The Court also pointed out that the duty to settle is necessary because of the insurer's exclusive control over the defense of the case and settlement negotiations. In this case, IHP was a co-defendant in the case. IHP was represented by counsel throughout the time the case was litigated. PIC exercised no control over IHP's defense and did not prevent IHP from negotiating a settlement with plaintiff. IHP argued that it should not have been expected to pay anything toward settlement because of the Illinois Supreme Court's recognition that "a principal who is vicariously liable for its agent's negligence is 'blameless.'" 547 F.3d at 814, quoting American Nat'l Bank & Trust Co. v. Columbus-Cuneo-Cabrini Med. Center, 154 Ill.2d 347, 609 N.E.2d 285, 289, 181 Ill.Dec. 917 (1992). Blame and liability are not synonymous. IHP was found to owe a legal duty to the plaintiff in the underlying case, a duty the fact-finder determined that it breached.
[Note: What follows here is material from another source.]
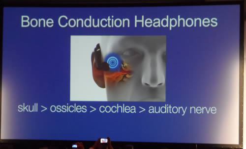 ในงาน CES 2013 Panasonic ได้แนะนำอุปกรณ์ใหม่รุ่น RP-BTGS10 ซึ่งเป็นหูฟังไร้สายที่ไม่เหมือนใคร ทำงานด้วยการส่งผ่านสัญญาณเสียงจากบริเวณส่วนบนของโหนกแก้มเพื่อส่งเสียงเพลงเข้าไปในหัวโดยตรง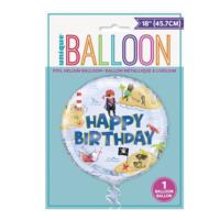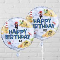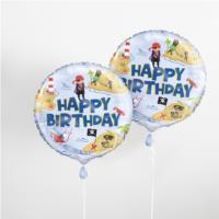 Round foil balloon with colourful pirate design and 'Happy Birthday' wording

In affirming the district court's dismissal of IHP's claim for breach of the duty to settle, the Seventh Circuit suggested that IHP should consider pursing a contribution or indemnification claim against Dr. Mullin to mitigate its injury. There was nothing about this case to require an expansion of the duty to settle to cover policyholders who choose to purchase coverage only for a third party. Maybe the Illinois Supreme Court will have an opportunity to visit this issue in the future. It would be interesting to find out if the Illinois Supreme Court agrees with the reasoning of the district court and the Seventh Circuit.